▶ What to produce:
Return every line of the data below exactly, but do not include the images.

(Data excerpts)
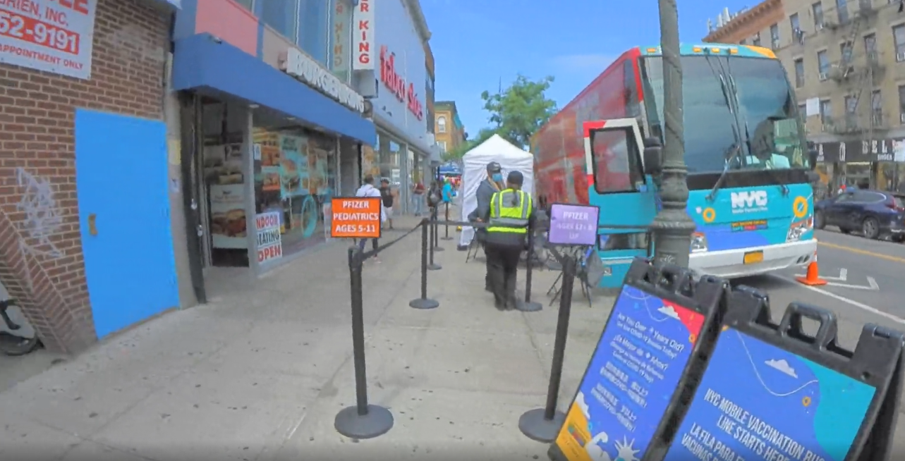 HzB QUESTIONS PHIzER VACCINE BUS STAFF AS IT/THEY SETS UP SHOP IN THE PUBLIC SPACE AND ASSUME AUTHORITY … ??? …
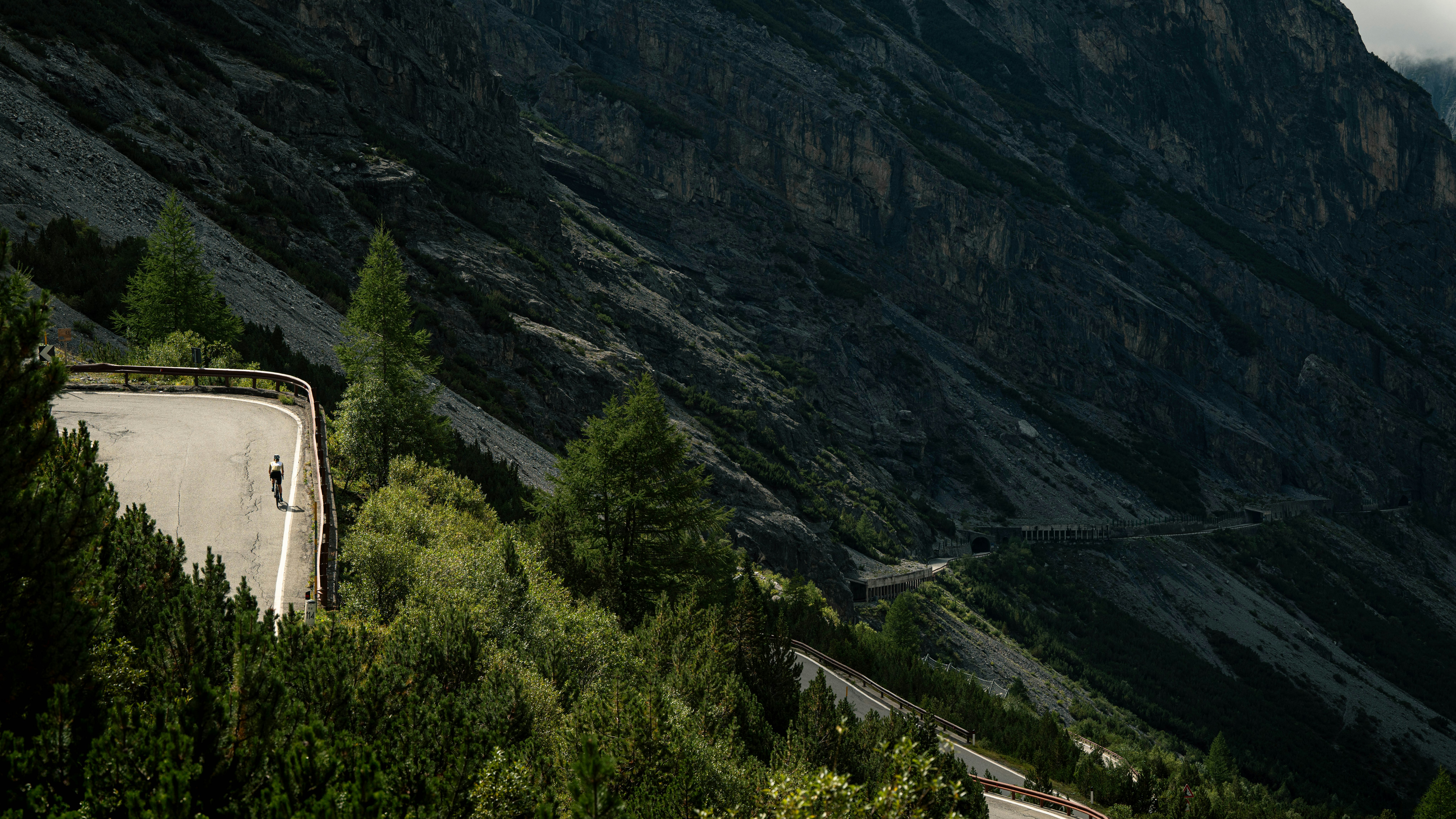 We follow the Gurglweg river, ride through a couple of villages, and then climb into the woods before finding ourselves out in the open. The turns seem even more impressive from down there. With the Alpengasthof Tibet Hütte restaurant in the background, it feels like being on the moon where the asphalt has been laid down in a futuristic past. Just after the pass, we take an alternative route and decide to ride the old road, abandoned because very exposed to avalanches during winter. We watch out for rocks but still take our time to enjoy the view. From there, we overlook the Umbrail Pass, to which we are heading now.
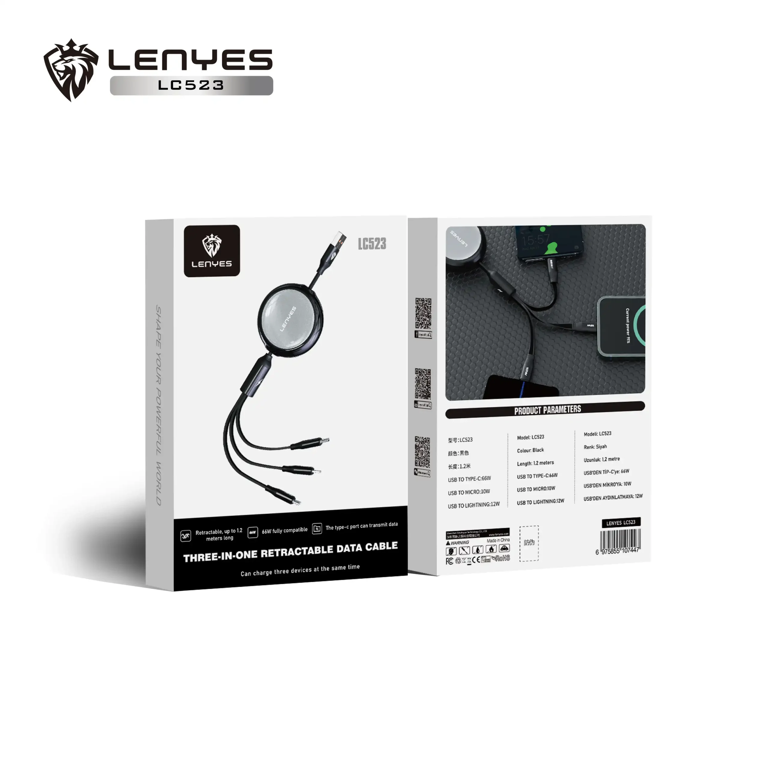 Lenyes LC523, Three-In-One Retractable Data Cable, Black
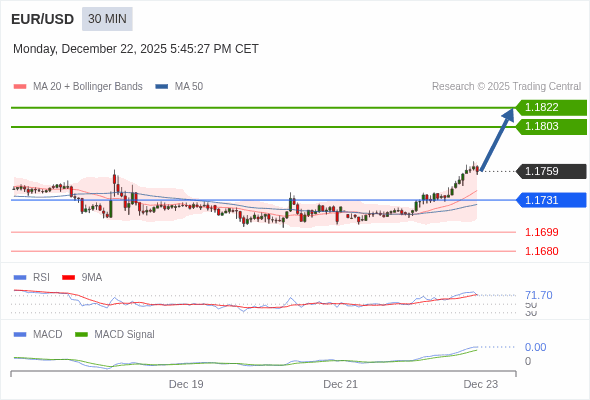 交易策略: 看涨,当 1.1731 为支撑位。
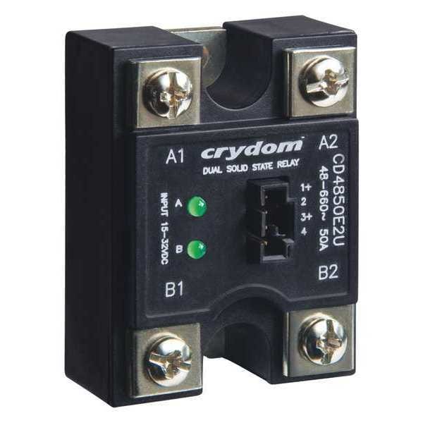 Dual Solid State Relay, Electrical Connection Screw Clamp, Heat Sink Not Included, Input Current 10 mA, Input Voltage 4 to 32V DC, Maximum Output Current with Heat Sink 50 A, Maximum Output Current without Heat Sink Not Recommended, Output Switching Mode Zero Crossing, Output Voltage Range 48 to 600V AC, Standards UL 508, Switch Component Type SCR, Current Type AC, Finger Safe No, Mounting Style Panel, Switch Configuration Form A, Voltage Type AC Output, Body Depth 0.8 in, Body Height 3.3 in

▶ Output for this task:
 HzB QUESTIONS PHIzER VACCINE BUS STAFF AS IT/THEY SETS UP SHOP IN THE PUBLIC SPACE AND ASSUME AUTHORITY … ??? …
 We follow the Gurglweg river, ride through a couple of villages, and then climb into the woods before finding ourselves out in the open. The turns seem even more impressive from down there. With the Alpengasthof Tibet Hütte restaurant in the background, it feels like being on the moon where the asphalt has been laid down in a futuristic past. Just after the pass, we take an alternative route and decide to ride the old road, abandoned because very exposed to avalanches during winter. We watch out for rocks but still take our time to enjoy the view. From there, we overlook the Umbrail Pass, to which we are heading now.
 Lenyes LC523, Three-In-One Retractable Data Cable, Black
 交易策略: 看涨,当 1.1731 为支撑位。
 Dual Solid State Relay, Electrical Connection Screw Clamp, Heat Sink Not Included, Input Current 10 mA, Input Voltage 4 to 32V DC, Maximum Output Current with Heat Sink 50 A, Maximum Output Current without Heat Sink Not Recommended, Output Switching Mode Zero Crossing, Output Voltage Range 48 to 600V AC, Standards UL 508, Switch Component Type SCR, Current Type AC, Finger Safe No, Mounting Style Panel, Switch Configuration Form A, Voltage Type AC Output, Body Depth 0.8 in, Body Height 3.3 in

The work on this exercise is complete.